= Waco Resurrection =

Art video game and installation by C-Level

Waco Resurrection is an art video game and installation by the Los Angeles artist collective C-Level. Developed in 2003, it is based on the 1993 Waco siege and places players in the role of David Koresh, leader of the Branch Davidians. The game was created by Eddo Stern, Peter Brinson, Brody Condon, Michael Wilson, Mark Allen and Jessica Hutchins.

The game was made as an installation as well as a computer game. Players wear plastic headgear resembling Koresh and use voice commands while playing. C-Level referred to the project as a "subjective documentary".

==Gameplay and installation==
Waco Resurrection is a multiplayer game in which four players appear as Koresh inside a recreation of the Branch Davidian compound. Players can run, hide and shoot at federal agents, but can also gain followers and convert agents.

Each player wears a hard-plastic Koresh mask fitted with a microphone. Spoken phrases activate abilities in the game. Bibles fall from the sky and give players additional powers, including healing and converting federal agents; some of these require the player to speak chants aloud. The game's audio uses material connected to the siege, including samples of Koresh's voice and recordings of songs performed by him.

During gallery presentations, the players formed part of the installation. Their gameplay was projected in the space and the sound was amplified for spectators.

==Development and exhibitions==
C-Level began work on Waco Resurrection in 2003 in its Los Angeles media lab. It was planned as the first entry in Endgames, a series of games dealing with apocalyptic movements and ideological conflict. Contemporary coverage described C-Level's approach as an attempt to use video games to address real events rather than the fictional settings common in commercial games. Stern told The New York Times that the group was trying to create "documentary video games".

The work premiered at The Kitchen in New York in October 2003. It was shown at the Yerba Buena Center for the Arts in San Francisco as part of the exhibition Bang the Machine in early 2004. Other presentations followed in Australia and the Netherlands.

In 2004, Waco Resurrection was included in Join Us: Calls to Ecstasy From the Edge of Oblivion at Grand Arts in Kansas City.
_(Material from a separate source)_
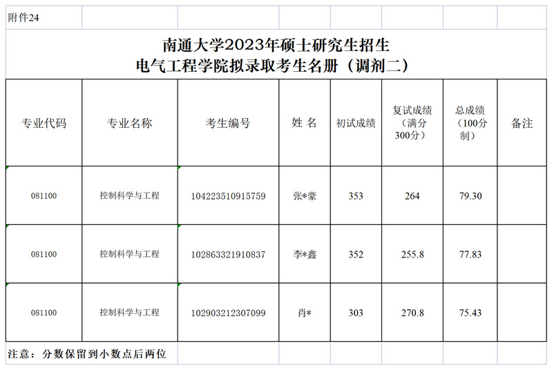 william威廉亚洲官方2023年硕士研究生招生电气工程公司拟录取考生名册(调剂二)

The Associated Press reported that more than 300 people attended its Midwest debut there.

==Reception==
Matthew Mirapaul included Waco Resurrection in a 2003 New York Times article on artists using games to recreate real places and recent events. He described the broader development as a move toward "social realism" in computer games. Alexander R. Galloway later cited the game alongside September 12th: A Toy World and 9-11 Survivor as games that referred directly to recent political events.

Ian Bogost discussed the game's use of voice commands, arguing that requiring players to speak Koresh's religious language was more important than simply recreating the compound. He saw the game as dealing with religious extremism and its relationship with government authority. Mary Flanagan later discussed Waco Resurrection as an example of "critical play", noting the way its game mechanics place the player in Koresh's position while dealing with religious belief, violence and political power.

The use of the Waco siege as the basis for a game also drew criticism. Branch Davidian survivor David Thibodeau told the Associated Press that the idea itself did not anger him, but objected to treating what happened at Waco as a game because real people had died there.